Sound Advice: Thinking Ahead as Nitrogen Prices Rise 

Nitrogen Considerations for the Upcoming Season

As a sales agronomist, my attention, like a lot of producers out there, has turned to nitrogen. As a critical component of basically all phases of plant growth, supplemental nitrogen is a staple on farms around the country, which is why the tremendous increase in cost and availability that we are now experiencing can be so stinging to growers everywhere.

Fertilizer prices have increased dramatically since late last season; monoammonium phosphate (MAP), di-ammonium phosphate (DAP) and liquids were the first to increase, then nitrogen products soon after. This doesn’t come as a big surprise — historically, when corn prices increase, nitrogen fertilizer prices follow closely behind.

So when can we expect things to return to normal? Higher raw material prices and shortages, increased transportation costs, labor shortages and import delays all combine to increase production costs. Some recent conversations I’ve had over the last couple of weeks indicate there is a lot of hope that some fertilizer plants will come back online and help to ease the supply issues by the spring. However, the prospect of resurgent production coupled with the belief that prices will come back down is causing some to hold out.

Before making any decisions, let’s back up and consider just how unique the situation is. The current nitrogen shortage may be one of the first instances where it is raw material shortage — not consumer demand — that is the primary driver of these price increases. It’s entirely possible that with rising global fertilizer demand, a strong commodity market and tight crop supplies, these prices will persist into next season and possibly next fall.

Other factors to consider:

  • If you are able to get ammonia on the farm, are you going to have time to get it in the ground before the next freeze? Trying to knife in anhydrous inputs in muddy conditions is not advised either! If not, then you need to deal with the headaches of getting it applied in the spring or look for some alternatives.
  • Pre-pay is the best option 9 out of 10 times to make sure that the most value is gotten from the dollars spent and to help with peace-of-mind through the winter.
  • Lack of moisture throughout much of the corn belt can be a concern. If it persists, it is very likely that nitrogen uptake by the crop will be reduced. In dry conditions there is often very little leaching or denitrification, so nitrogen loss is significantly reduced. Less nitrogen uptake, combined with minimal nitrogen loss, usually results in greater quantities of nitrate remaining in the soil profile. Consider taking soil samples for nitrates this fall — these samples can help you decide how much of a nitrogen credit to take so that you can make the most accurate application decisions for next season’s yield goals.

With all these considerations, we can realistically conclude that there may be some switchover of acres from the typical rotation over to soy if the prices do stay where they are. This is always a balancing act as potential reduced corn acres could impact the market price and drive it back up.
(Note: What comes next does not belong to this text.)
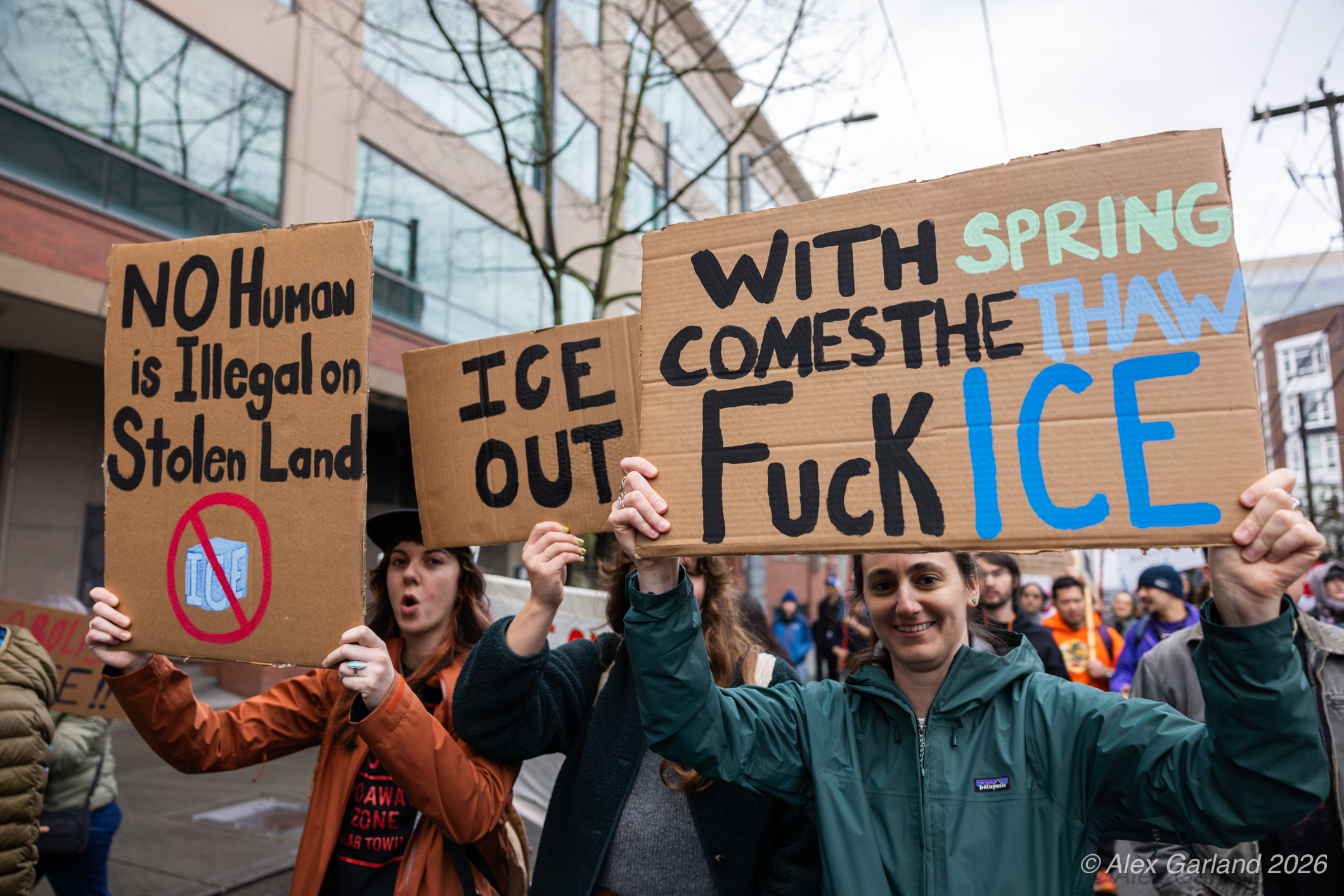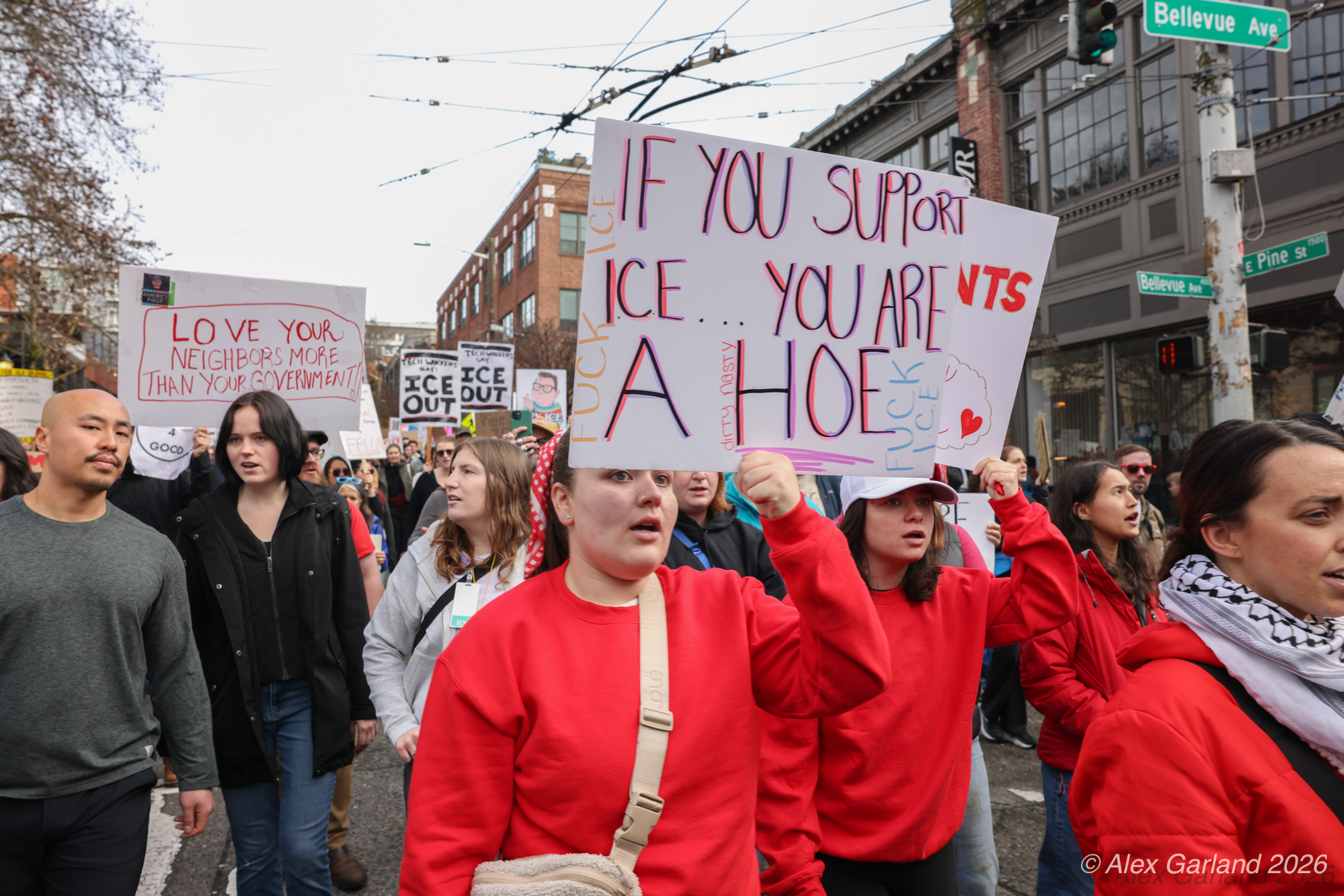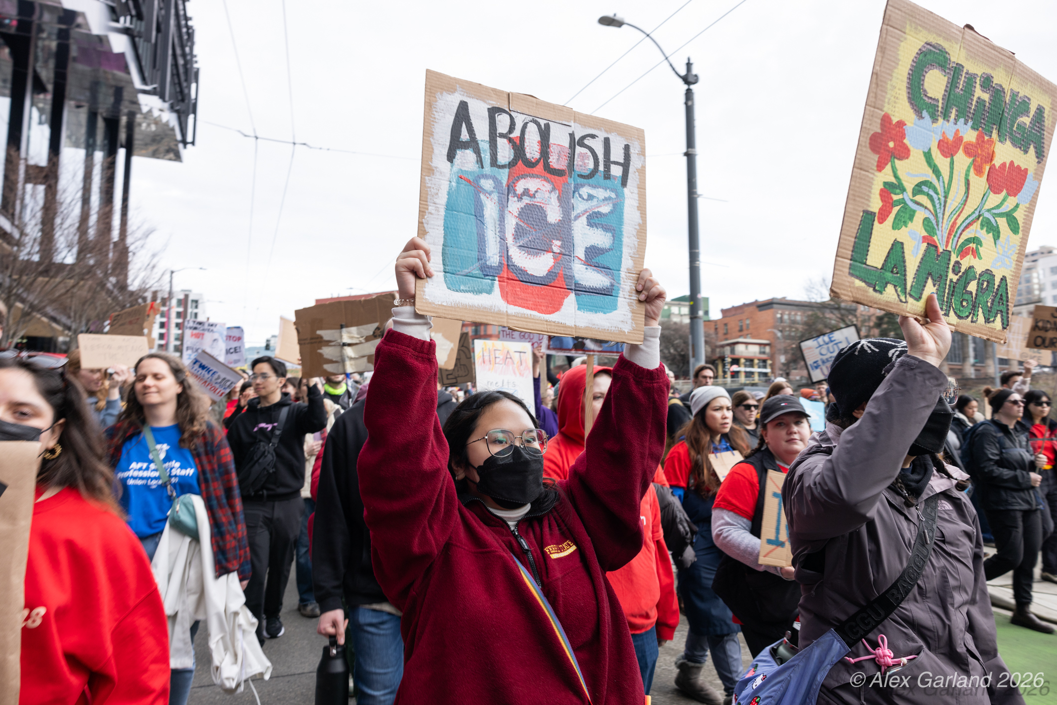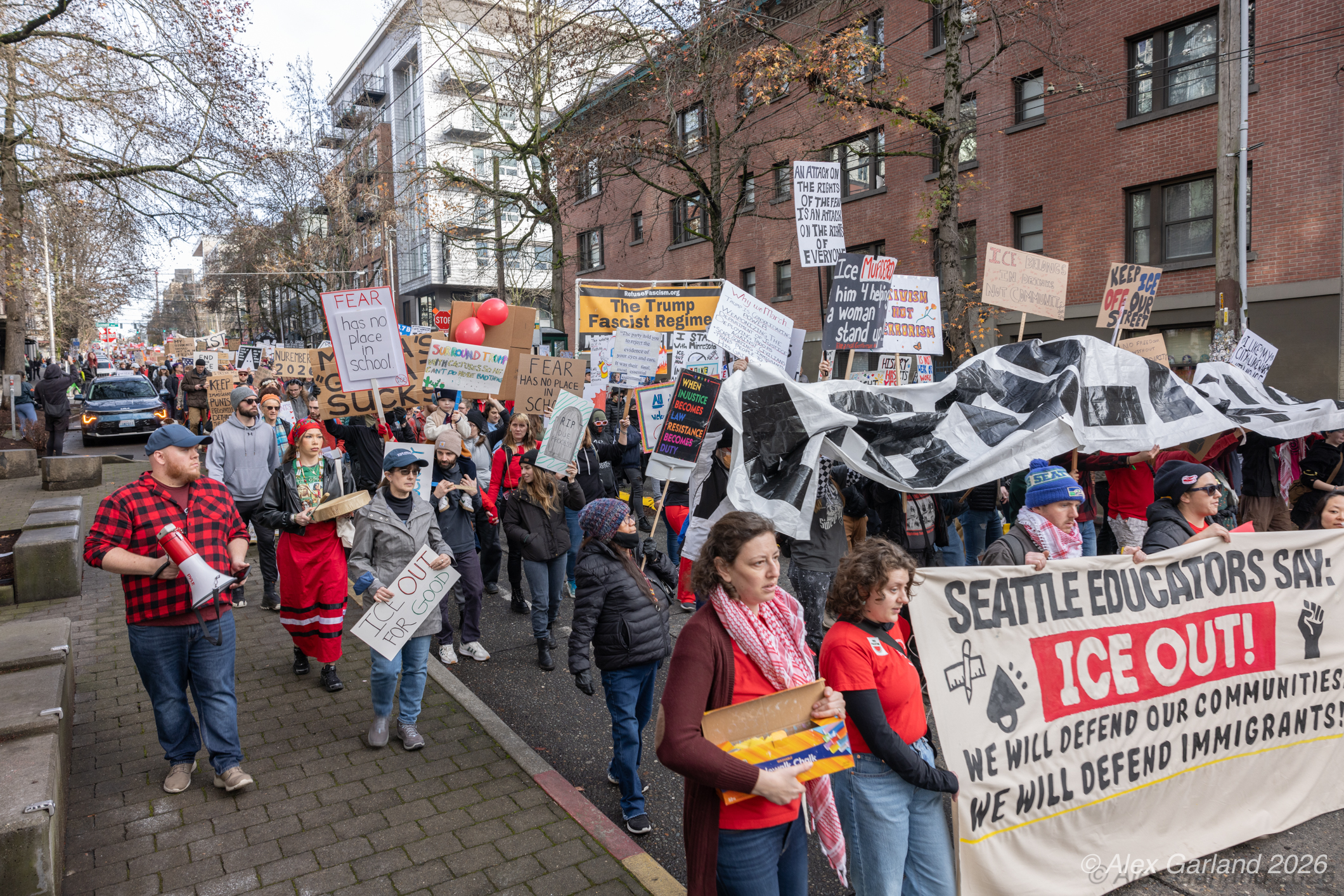 From Seattle Central, the march continued down Pine Street before turning left onto 2nd Avenue and heading into downtown Seattle. The procession moved through the commercial core as participants chanted “No justice, no peace. No ICE in our streets.” Hundreds of demonstrators gradually left the crowd along the route and the march concluded at the Henry M. Jackson Federal Building, where the remaining participants gathered for a short rally.

One alternative that many producers are looking to are ways that traditional inputs can be supplemented without sacrificing yields. In many cases, nitrogen inputs can be offset through a variety of new, alternative solutions that are reaching the mainstream, such as:

  • Nitrogen-stabilizers: These fall into two categories — urease and nitrification inhibitors. Nitrification inhibitors slow microbial response/​consumption to minimize loss, especially in anhydrous (NH3) and fall applications. This does impact microbial populations significantly as it’s basically a pesticide for microbes. Urease inhibitors are more for liquid/​ground (UAN/​Urea) applications as they protect against ammonia volatilization by keeping fertilizer in the urea form.
  • In-furrow: In-furrow places applied fertilizer right in the seed trench so that emerging roots will find a nutrient source quickly. This can be impacted by weather though and requires equipment upgrades that can be expensive
  • Biologicals: Biologicals add additional living microorganisms into the soil to provide specific benefits, most of these products are focused on one particular nutrient and can require special handling and mixing to be properly applied, such as keeping refrigerated or needing to be applied within a couple of hours after being mixed in the tank.
  • Microbiome activators: An emerging area of science that focuses on utilizing what is currently living in the soil environment and helping it reach its full potential. Products in this category, such as SOURCE®, are easy to handle, apply and store, as they are stable chemistries. These products can open up a lot of opportunities for reducing input costs without sacrificing yield — and at the same time being cognizant of sustainability and soil health.

When considering your nitrogen plan for the coming season — make sure to take your NUE score into account, as well as what is in your soil tests, to make sure that you get the most out of your applications for this coming season. You want to ensure there is plenty to sustain the crop but that you don’t over-apply and over-protect where you didn’t need to.